MEMORANDUM **
Francisco Ortega-Ortega (“Ortega”) appeals his conviction and sentence for being a deported alien found in the United States, in violation of 8 U.S.C. § 1326 (Count 1); being a felon in possession of a firearm, in violation of 18 U.S.C. § 922(g)(1) (Count 2); and being an alien in possession of a firearm, in violation of 18 U.S.C. § 922(g)(5)(A) (Count 4). We reverse his convictions for Counts 1 and 4. We also vacate the sentence imposed for his conviction of Count 2 and remand for resentencing.
1. We reverse and remand Ortega’s convictions for Counts 1 and 4 because the district court erroneously precluded Ortega from presenting evidence of his father’s U.S. citizenship at trial. While the district court judge did not have the benefit of our subsequent decision in United States v. Smith-Baltiher, 424 F.3d 913 (9th Cir.2005) at the time he made those rulings, it is clear now that in prohibiting cross-examination of the government’s alienage witness and precluding reference to derivative citizenship in defense counsel’s closing argument, the district court deprived Ortega of his right to present evidence challenging an element of the offenses with which he was charged. See id. at 921-22 (holding that alienage is an “essential element” of the § 1326 offense and explaining that “barring a defendant from presenting all evidence in support of a cognizable defense, or from challenging an element of the crime, is structural error”). Accordingly, we reverse Ortega’s convictions for Counts 1 and 4 and remand for retrial or such other disposition as may be appropriate. See id. at 923.
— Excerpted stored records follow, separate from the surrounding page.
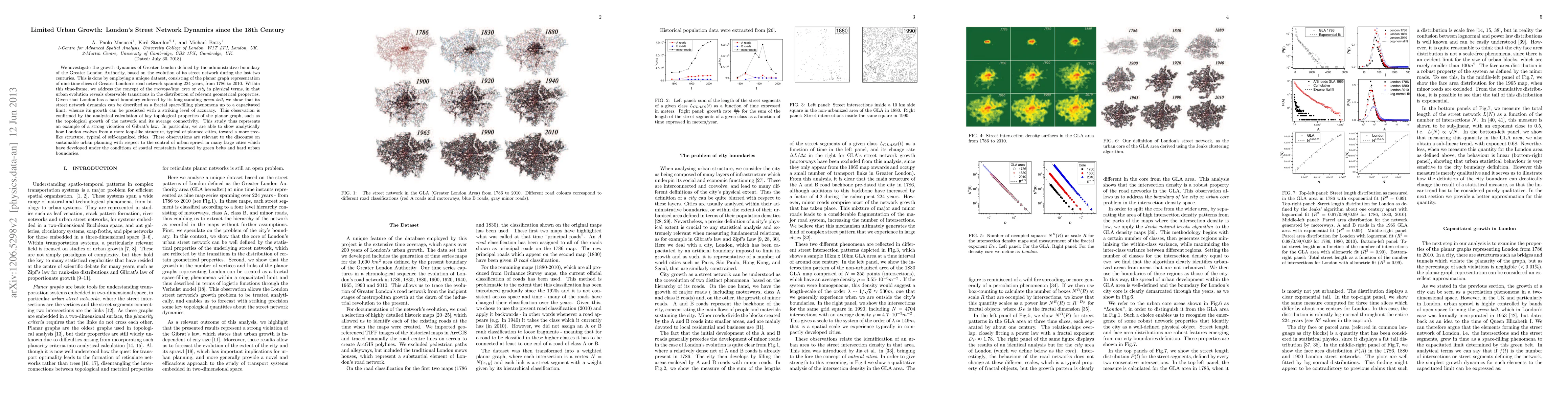 We investigate the growth dynamics of Greater London defined by the administrative boundary of the Greater London Authority, based on the evolution of its street network during the last two centuries. This is done by employing a unique dataset, consisting of the planar graph representation of nine time slices of Greater London's road network spanning 224 years, from 1786 to 2010. Within this time-frame, we address the concept of the metropolitan area or city in physical terms, in that urban evolution reveals observable transitions in the distribution of relevant geometrical properties. Given that London has a hard boundary enforced by its long-standing green belt, we show that its street network dynamics can be described as a fractal space-filling phenomena up to a capacitated limit, whence its growth can be predicted with a striking level of accuracy. This observation is confirmed by the analytical calculation of key topological properties of the planar graph, such as the topological growth of the network and its average connectivity. This study thus represents an example of a strong violation of Gibrat's law. In particular, we are able to show analytically how London evolves from a more loop-like structure, typical of planned cities, toward a more tree-like structure, typical of self-organized cities. These observations are relevant to the discourse on sustainable urban planning with respect to the control of urban sprawl in many large cities, which have developed under the conditions of spatial constraints imposed by green belts and hard urban boundaries.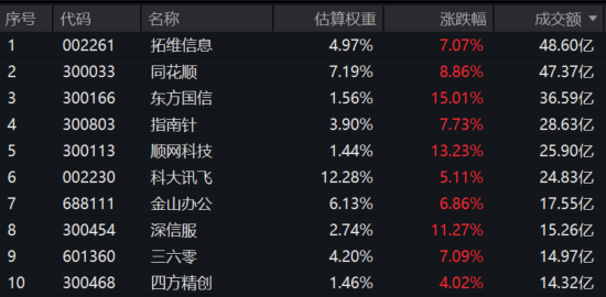 软件ETF汇添富(159590)标的指数成分股多数收红:东方国信涨超15%,顺网科技涨超13%,深信服涨超11%,同花顺涨超8%,拓维信息、指南针涨超7%。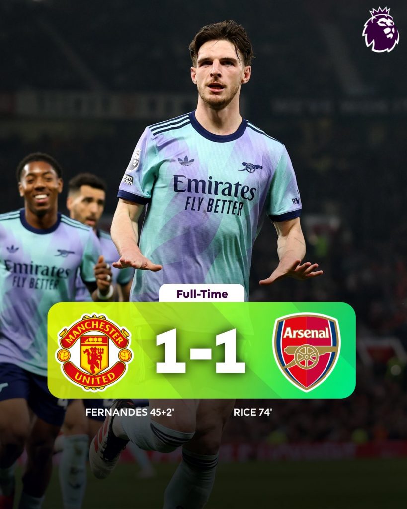 Bruno Fernandes had put United in the lead with a stunning free-kick in first-half stoppage time, but they were unable to hold on for just their sixth Premier League win under Amorim. Rice leveled the score 16 minutes into the second half, ensuring the match ended in a draw, leaving United in 14th place.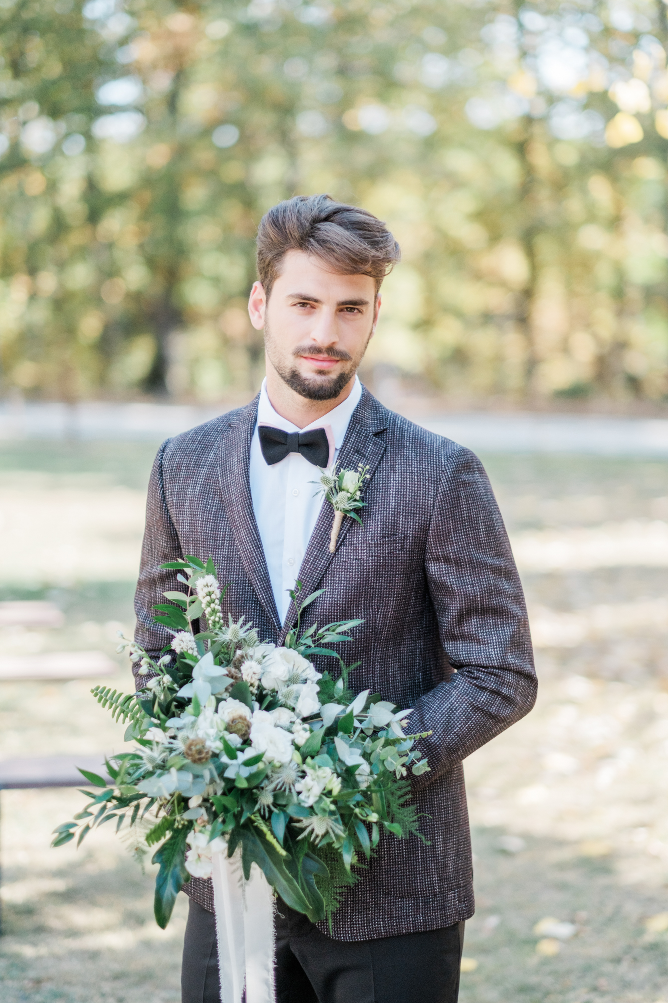 So the forest’s unique color was combined with the white wedding dress, flowers, cake and defined our color palette.

2. Because Ortega’s claim that the prosecution violated Brady v. Maryland, 373 U.S. 83, 83 S.Ct. 1194, 10 L.Ed.2d 215 (1963), relates only to Counts 1 and 4, as the fingerprint expert examined only deportation documents, we do not reach that claim.
3. We vacate Ortega’s sentence imposed for his conviction of Count 2 and remand for resentencing, as the district court erred in characterizing his conviction for violation of section 11352 of the California Health and Safety Code as a “drug trafficking offense” under U.S.S.G. *669§ 2L1.2(b)(l)(A). Under Taylor v. United States, 495 U.S. 575, 110 S.Ct. 2143, 109 L.Ed.2d 607 (1990), section 11352 is not categorically a drug trafficking offense. See United States v. Kovac, 367 F.3d 1116, 1119 (9th Cir.2004). The district court was thus required to conduct the “modified categorical” analysis to determine whether “documentation or judicially noticeable facts ... clearly establish that the conviction is a predicate conviction for enhancement purposes,” or whether “the statute and the judicially noticeable facts would allow [Ortega] to be convicted of an offense other than that defined as a qualifying offense by the guidelines,” in which case the enhancement would not apply, United States v. Rivera-Sanchez, 247 F.3d 905, 908 (9th Cir.2001) (en banc) (internal quotation marks omitted). The district court, however, failed to make this determination, instead applying the sixteen-level enhancement without any discussion of whether the documents the government submitted — the judgment and commitment for Ortega’s section 11352 violation, and a copy of the information for that charge— satisfied its “burden to establish clearly and unequivocally that the conviction was based on all of the elements of a qualifying predicate offense.” Kovac, 367 F.3d at 1119. Accordingly, we vacate the sentence for the Count 2 conviction and remand to permit the district court to conduct a second-stage Taylor analysis of the judicially noticeable facts in the existing record and to resentence Ortega. See Rivera-Sanchez, 247 F.3d at 909.
4. The district court did not fail to adhere to its obligation under 18 U.S.C. § 3553(c)(1) to provide specific reasons for its sentence. Section 3553(c)(1) applies only if the sentence falls outside the applicable range, or if the applicable sentencing range exceeds 24 months, neither of which is the case here. This second condition is triggered only if the range exceeds 24 months, not if the sentence itself exceeds 24 months. See United States v. Howard, 894 F.2d 1085, 1091-92 (9th Cir.1990). The sentencing range here was only 23 months, the difference between 92 and 115 months.
5. Ortega’s argument that application of United States v. Booker, 543 U.S. 220, 125 S.Ct. 738, 160 L.Ed.2d 621 (2005), violated the prohibition against ex post facto laws is foreclosed. The ex post facto prohibition does not apply to judicial adjustments to sentencing schemes, and a defendant is not protected from a change in sentencing law merely because it would disadvantage him. See United States v. Dupas, 419 F.3d 916, 920-21 (9th Cir.2005) (as amended), cert. denied, — U.S. —, 126 S.Ct. 1484, 164 L.Ed.2d 261 (2006).
6. Because we vacate the sentence imposed for Ortega’s conviction of Count 2, we need not reach Ortega’s claim that the district court violated Apprendi v. New Jersey, 530 U.S. 466, 120 S.Ct. 2348, 147 L.Ed.2d 435 (2000), in enhancing his sentence based on prior convictions that were neither admitted nor found by a jury. We note, however, that this argument is foreclosed by Almendarez-Torres v. United States, 523 U.S. 224, 118 S.Ct. 1219, 140 L.Ed.2d 350 (1998), which is not limited to its facts, and which controls unless and until the Supreme Court overrules it. United States v. Pacheco-Zepeda, 234 F.3d 411, 414-15 (9th Cir.2000).
CONVICTION FOR VIOLATION OF 8 U.S.C. § 1326 and 18 U.S.C. § 922(g)(5)(A) REVERSED; CONVICTION FOR VIOLATION OF 18 U.S.C. § 922(g)(1) AFFIRMED; SENTENCE VACATED AND REMANDED FOR RE-SENTENCING ON THE § 922(g)(1) CONVICTION.
This disposition is not appropriate for publication and may not be cited to or by the courts of this circuit except as provided by 9 th Cir. R. 36-3.